Records for processing -
>>>>
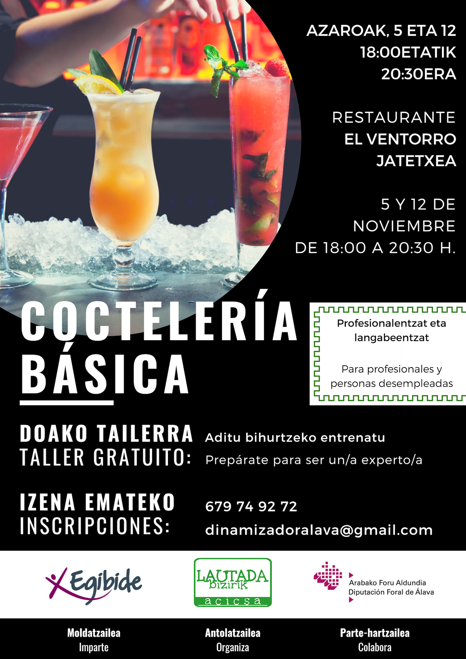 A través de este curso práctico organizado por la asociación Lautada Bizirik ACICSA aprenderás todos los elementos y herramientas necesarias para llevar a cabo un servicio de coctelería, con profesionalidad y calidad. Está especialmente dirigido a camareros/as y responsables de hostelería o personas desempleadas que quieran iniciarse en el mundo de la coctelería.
<<<<
>>>>
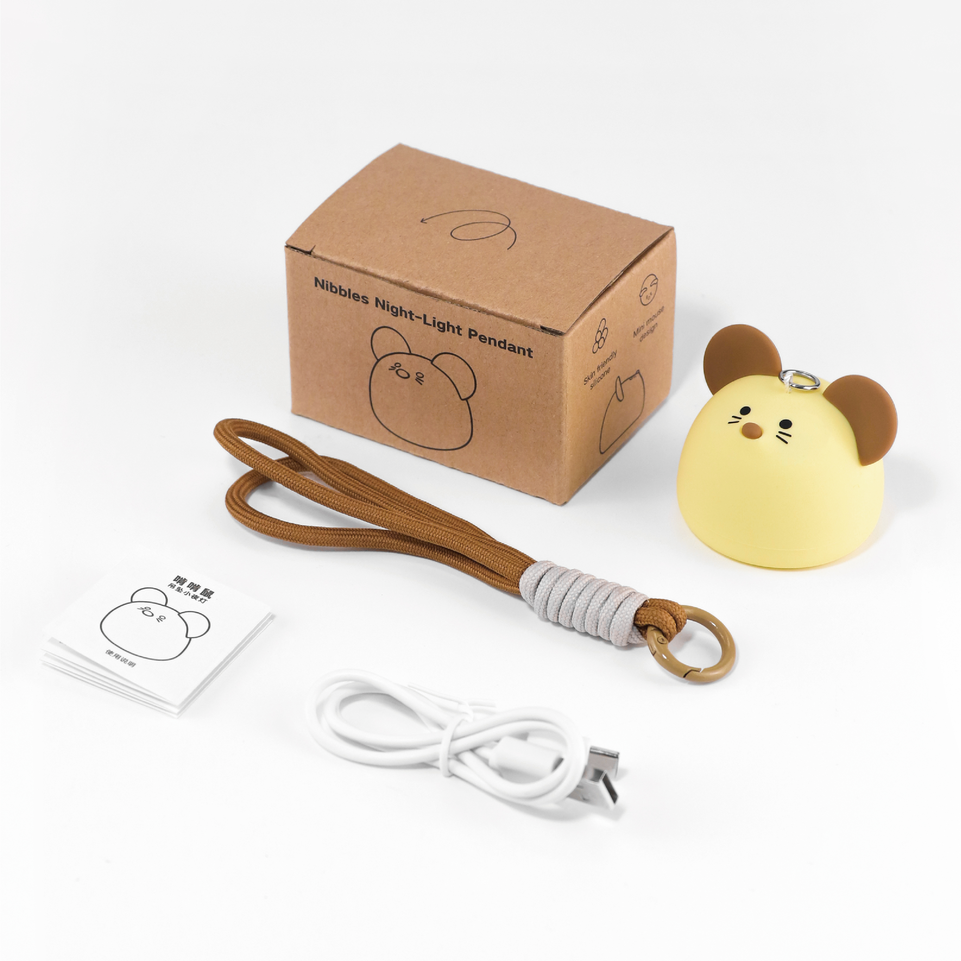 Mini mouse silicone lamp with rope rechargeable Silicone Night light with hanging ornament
<<<<
>>>>
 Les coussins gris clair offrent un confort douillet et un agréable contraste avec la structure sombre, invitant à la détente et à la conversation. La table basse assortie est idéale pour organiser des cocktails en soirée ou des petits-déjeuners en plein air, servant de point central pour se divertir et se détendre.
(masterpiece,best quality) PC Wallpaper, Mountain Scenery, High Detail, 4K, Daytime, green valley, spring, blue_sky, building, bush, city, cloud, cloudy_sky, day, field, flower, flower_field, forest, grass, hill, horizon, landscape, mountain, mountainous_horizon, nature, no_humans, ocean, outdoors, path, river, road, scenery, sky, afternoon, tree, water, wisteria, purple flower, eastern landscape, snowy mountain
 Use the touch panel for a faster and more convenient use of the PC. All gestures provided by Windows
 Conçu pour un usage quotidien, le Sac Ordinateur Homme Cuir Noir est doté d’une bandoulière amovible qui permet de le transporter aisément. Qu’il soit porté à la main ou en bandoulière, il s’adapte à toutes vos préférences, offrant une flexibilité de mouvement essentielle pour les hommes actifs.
<<<<
Work request -
Among the entries above, say how many lines hold the word "pour". No other words belong in the answer.

Written answer -
2